Cornershop merges elements of British club music--trance beats, distorted electric guitar, sampling--with the weaving, elliptical rhythms of traditional Indian music. Its singer and songwriter offers the occasional lyric in Punjabi, his first language, and the band has evolved from an unschooled punk outfit who did their 1-2-3-4 intro counts in Punjabi, to a smooth, solidly produced modern-rock chart success. "Brimful of Asha," their 1997 single, made Cornershop huge but they still retained much of the iconoclastic attitude that got them there in the first place. Rolling Stone writer David Fricke compared their body of recorded work to "serendipity in overdrive: volatile, compelling collisions of primal guitar menace, rubbery `70s funk, budget-synth techno, ... hip-hop and Punjabi folk.... Cornershop make commercially improbable, dangerously messy music."
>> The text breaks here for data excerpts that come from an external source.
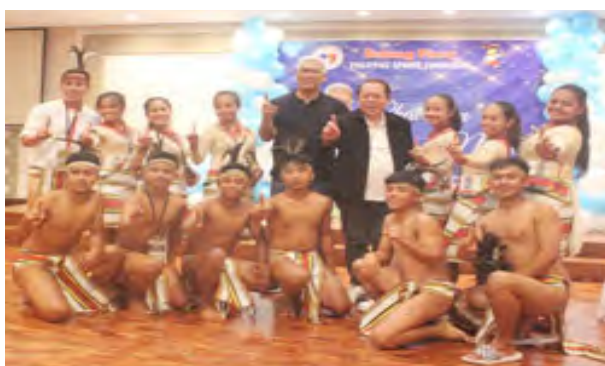
PSC CHAIRMAN / ILOCOS GOVERNOR
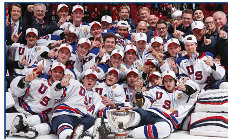
2017 U.S. NATIONAL JUNIOR TEAM
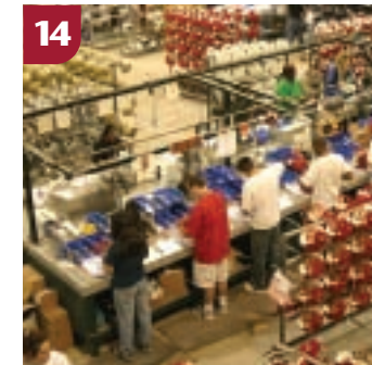
14 Teamwork is key to our game plan, and maximum efficiency gets our customers the best service.
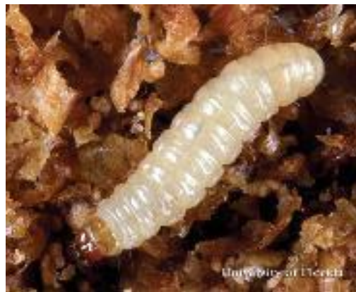
Fig 2. Indianmeal moth larvae.
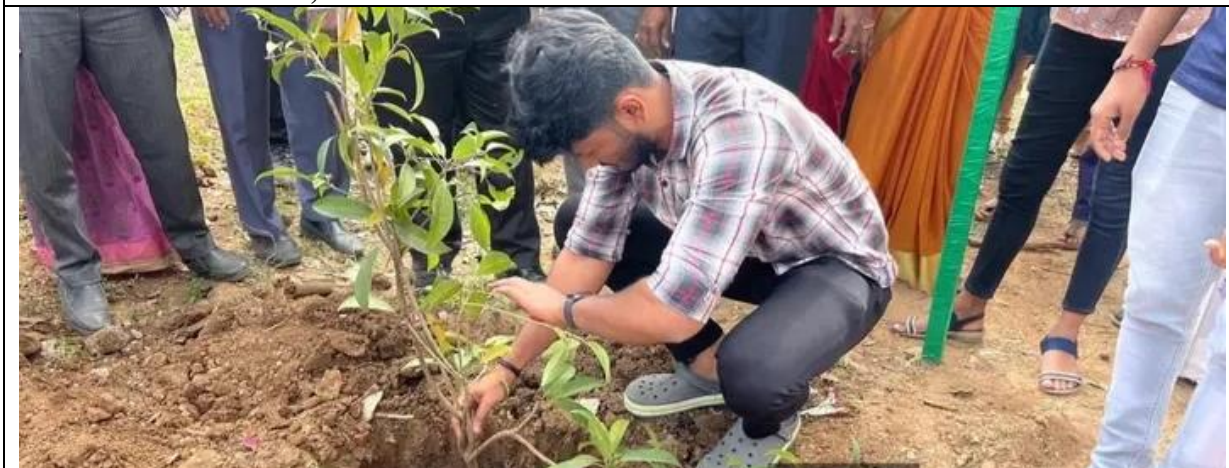
Photo: Tree Plantation by the students
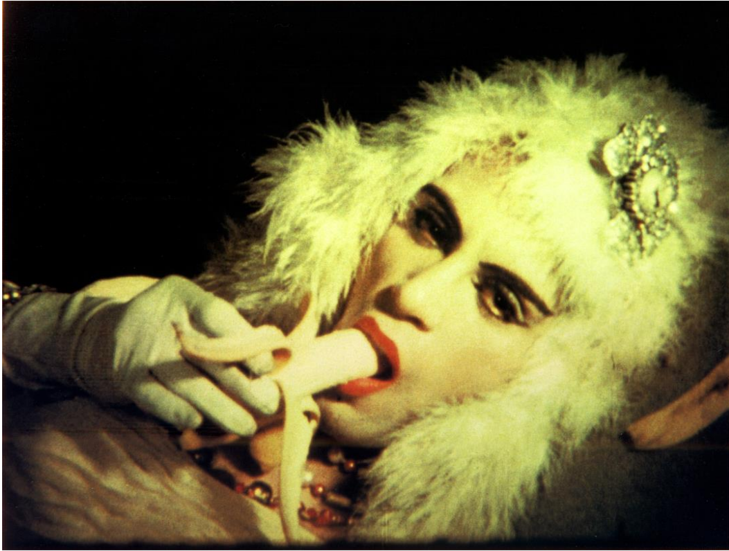
Figure 9 Mario Montez in Andy Warhol's Mario Banana, 1964, Film Still
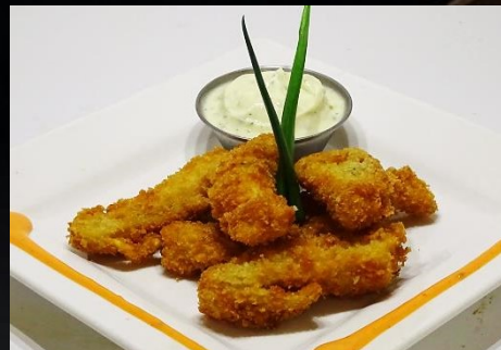
GROUPER FINGERS $ 17/30.50 naf
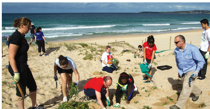
Rotaractors and other volunteers clean the beach and plant grasses to prevent erosion at Wanda Beach in Cronulla, NSW, Australia. Rotaract Preconvention Meeting.

The benefits of plastic are undeniable. The material is cheap, lightweight, and easy to make. These qualities have led to a boom in the production of plastic over the past century. Plastic packaging helps reduce food waste by extending shelf life. However, with this boom has come a major downside: plastic pollution. It is one of the biggest environmental challenges of our time. Each year, about 8 million tonnes of plastic enters the ocean from rivers, creeks, and drains, and ends up either floating on the surface or deposited on beaches or in ocean sediment. 1 As plastic is designed to be durable, waste plastic can last a very long time in the natural environment. Plastic can harm marine life: animals, such as seals, dolphins, and sea turtles become entangled in plastic fishing lines, nets, and bags. They also ingest plastic, mistaking it for food, which kills them. In addition, recent studies show that over 90% of bottled water and even 83% of tap water contain microplastic particles 2 and trace amounts are increasingly detectable in our blood, stomachs, and lungs.
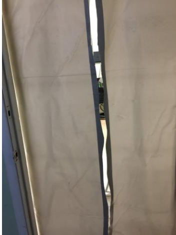
Step 20: Step inside dcon and cut door barrier
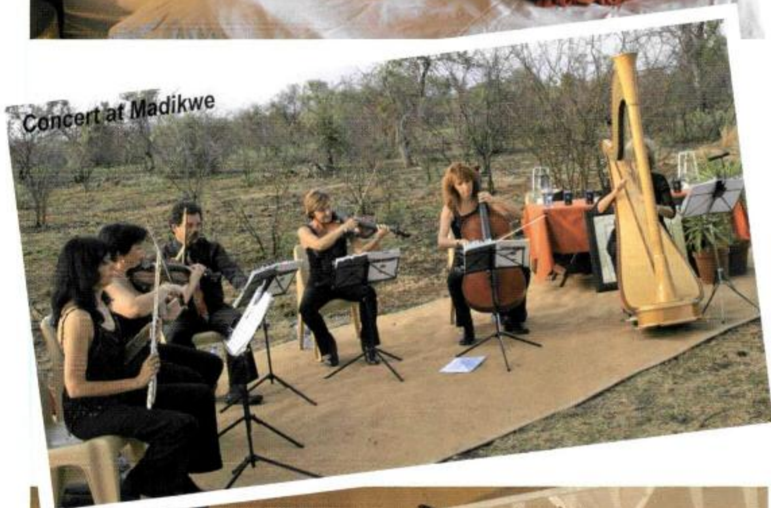
Concert at Madikwe
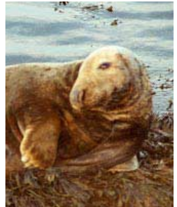
Adult Grey Seal
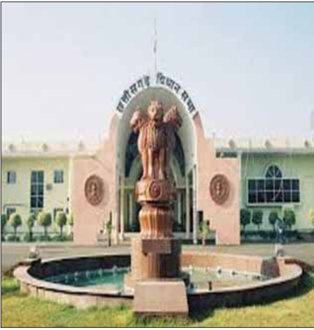
How is it possible that the government has procured 36 percent more paddy than its total production in the state?"

"As per the Agriculture Department's report, the total production of paddy in the state this Kharif season was 110.11 lakh metric tonnes.
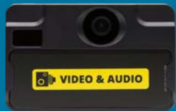
VT100 Body camera

Providing clear and reliable video documentation alongside instant communication enables staff to quickly de-escalate situations, effectively respond to challenges including theft, coordinate tasks and ensure the well-being of both employees and customers
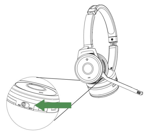
Hold (2 secs) the On/off/connect switch in the connecting position
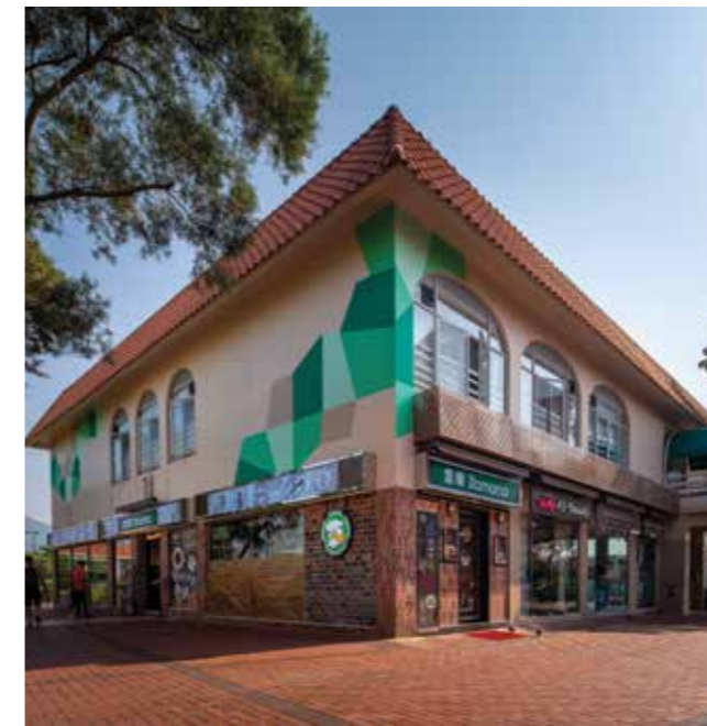
Major upgrade of the the shopfront facade to increase its visibility and accessibility

The next upgrade was the overall exterior of the blocks, as there were previously many blank walls and a long parapet wall that created a stale atmosphere. As part of the Town Centre's 'Green and Nature' theme to reflect its outdoors setting, the custom-designed geometric green patterns painted on each block added visual interest and a feeling of freshness and variety to the premise. The long parapet wall was also concealed by real bamboo planters, which created a natural green wall, further strengthening the theme.
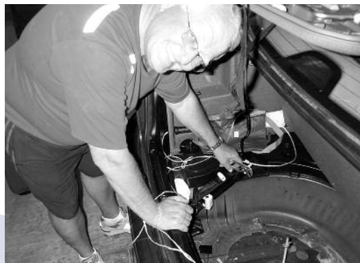
▲ "Where's the damn crank? When I was a kid, there was always a crank!"
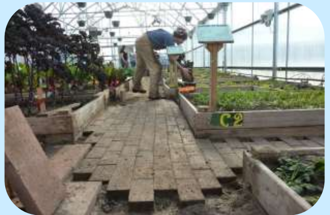
Improvements to the Hunter Park GardenHouse, making it more accessible.
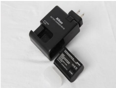
Battery charger and battery
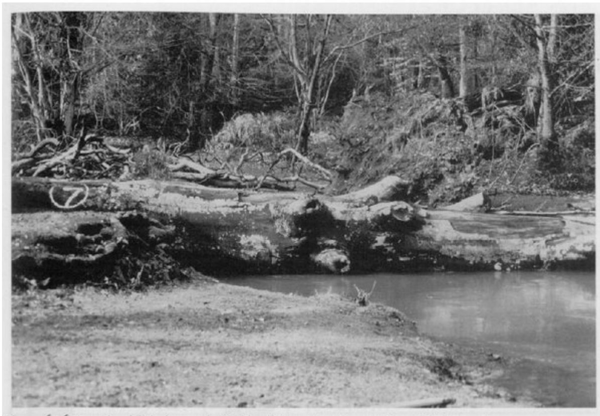
(Figure 6.16) An active debris dam on the Highland Water, New Forest.
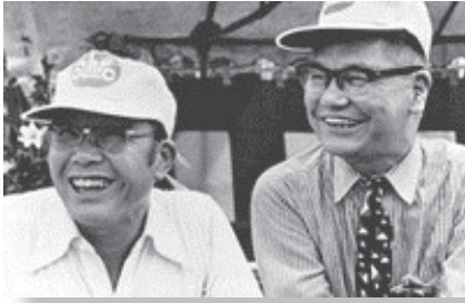
Honda president Soichiro Honda & his vice-president show their deep distress at the fall of the American car industry.

In 1982, Honda was the first Japanese car manufacturer to build a car plant in the US. This made it more difficult for American carmakers to brand Honda as a foreign invader.
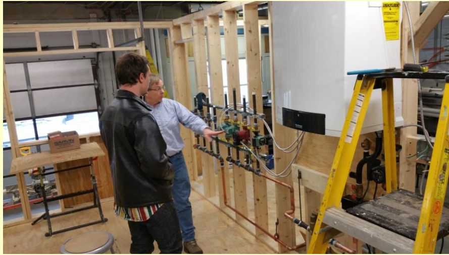
One Maplehill School student visited CCV Plumbing Department this spring to explore higher education in a trade skill.
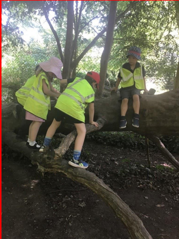
Beechenhurst & Goodrich Castle
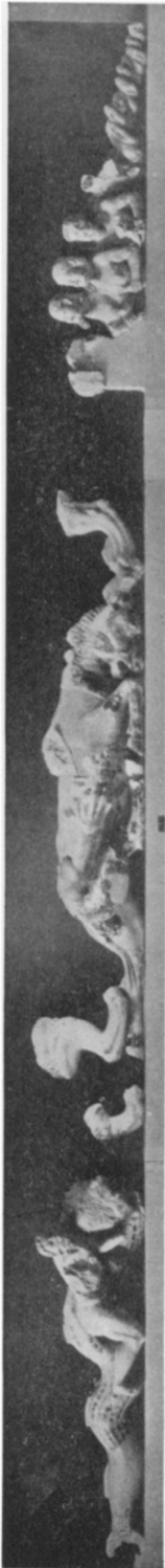
Fig. 6. Poros Pediment, New Arrangement

The old problems concerning the restoration of the pediment and the identity and chronology 1 of the building to which it belonged are not seriously affected by the discovery of the new head. That the Herakles-Triton group is part of the same pediment as the Triple-Bodied Monster is by now universally accepted, and the addition of the new head strengthens this view. Stylistically the Herakles head is very close to the heads from the other side of the pediment, but it differs considerably in details. Hair and beard are different in the two figures, but in the shape of the face, and in the rendering of eyes and mouth the similarity is too strong to be explained merely on the basis of contemporaneity.
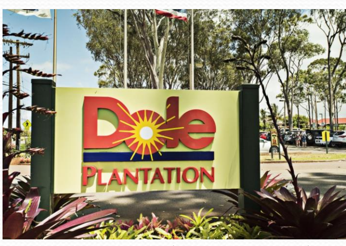
Dole Plantation (self drive or Guided)
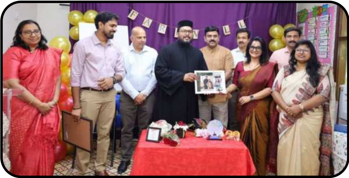
Vicar's farewell organised by MAJSS 15/05/2026
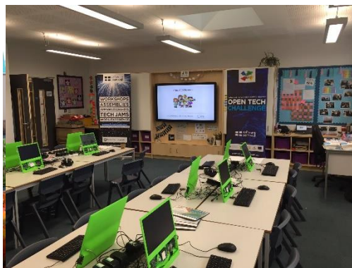
Hosting the Cornwall STEAM INSET
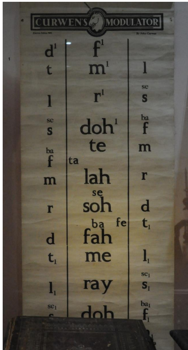
Tonic sol-fa - Modulator

Often there would be a close link with nature, gardening and farming. Music lessons included learning hymns and Tonic sol-fa
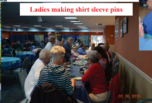
Ladies making shirt sleeve pins
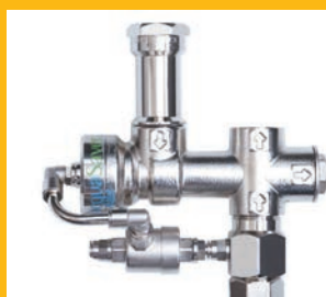
ACQUASAVER RAIN TO MAINS DIVERIONS VALVES
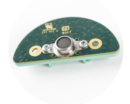
aw-Sens ELS 260 1615

Caution: Never touch the front area of the measuring cell with your hands or any other object!
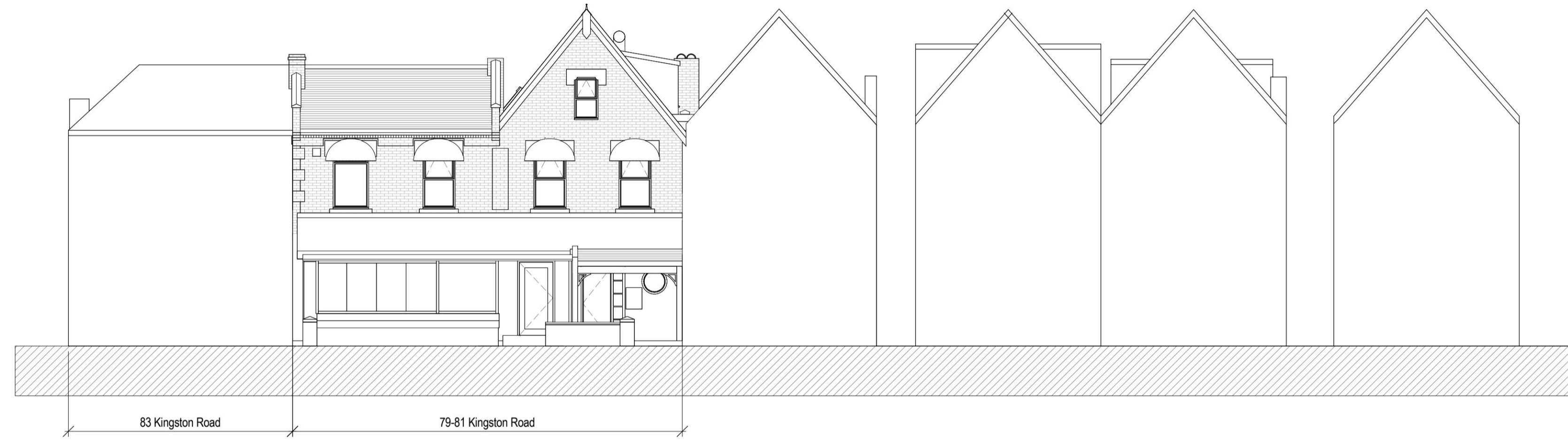
1 Existing Street Elevation 1 : 100
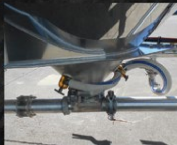
Food Grade Aerators and Hoses
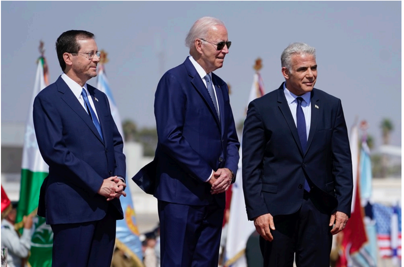
President Joe Biden stands with Israeli Prime Minister Yair Lapid, right, and President Isaac Herzog, left, after arriving at Ben Gurion Airport, Wednesday, July 13, 2022, in Tel Aviv.

After completing trip to Israel and Palestine, Biden will fly directly to Jeddah, experts see this development as a clear indication of Saudi Arabia's growing acceptance of Israel following decades of boycotting Israel in support of the Palestinians. Prime Minister Yair Lapid said that we are sending a message of peace to Saudis through President Biden. Along with President Biden his secretary of state, Antony Blinken will attend a regional summit in Saudi Arabia. Biden defended his statement against Saudi Arabia given in 2019, by aiming to "reorient but not rupture relations with Riyadh". There are reports that the US will try to reach an agreement on increased defense cooperation between Israel and various Arab countries in order to counter the threat posed by Iran. Also, amid increased prices because of the Ukraine war, it is expected that discussions will be made for oil and energy as Saudi Arabia is one of the world's largest oil producers. The efforts which are being made by Biden with Arab countries for Israel represent his commitment to Israel's security, but this could enhance the existing tensions between the regional countries particularly Iran while influencing the region's stability and security.
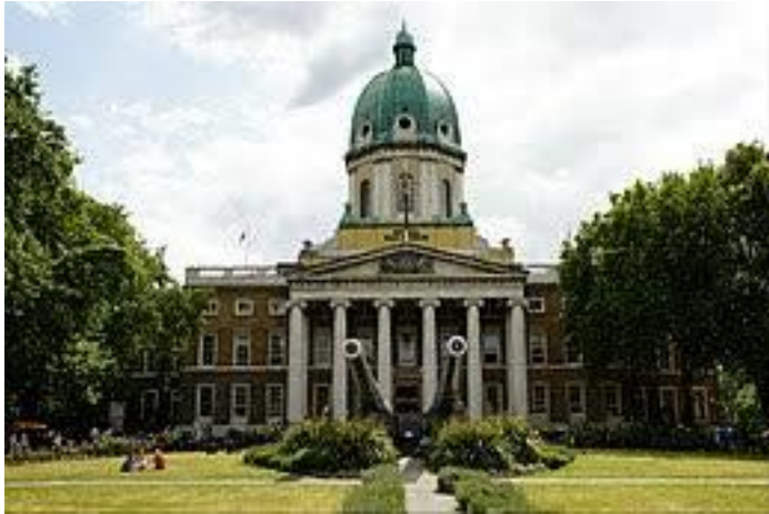
Imperial War Museum London
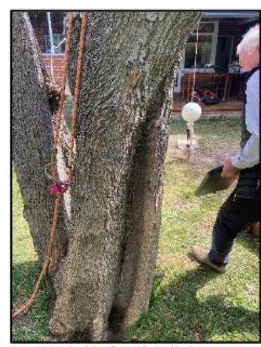
facing North – showing fluting at ground level
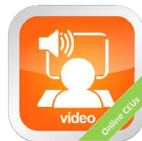
Effective Educational Strategies That Take Poverty into Consideration
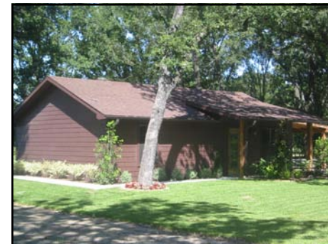
Guest House, 1000SF

High fenced exotic game ranch with beautiful rolling meadows scattered mature oak trees, deep sandy soil, plenty of lakes, and live creek. Improved pastures, exotic game including elk, axis deer, black buck and many other species. No cattle on property but would make excellent cattle operation. Makes over 1000 large round rolls of hay per cutting. Home has been meticulously updated. wonderful new guest house (1000 sf). Equipment barn, new large hay barn, horse barn w/stalls, dog kennels and workshop. Fenced and cross fenced. (Game not included in price)
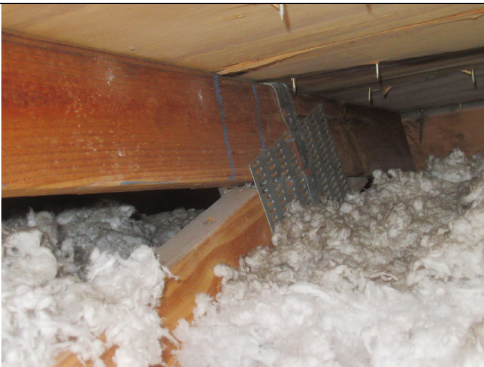
Roof to wall attachment

The creative force behind Cornershop rests in Tjinder Singh and Ben Ayres, both near thirty when "Brimful of Asha" and their third album, When I Was Born for the Seventh Time, met with tremendous critical and commericial success. The son of a teacher, Singh was born in England into an immigrant family that hailed from northern India, the state of Punjab. He grew up in the Staffordshire city of Wolverhampton, in England's center, which was perhaps an even worse place to be a foreigner than London, where Singh was assaulted on the street for having a non-Asian girlfriend as late as 1995. Singh described his youth in Wolverhampton as rife with racist incidents, and "pretty terrifying" in an interview with Rolling Stone's Jon Wiederhorn. "I've always lived in an intimidating rather than happy atmosphere. It's really fueled my aggression and given me a sense that I don't belong." That malaise would spark his musical drive.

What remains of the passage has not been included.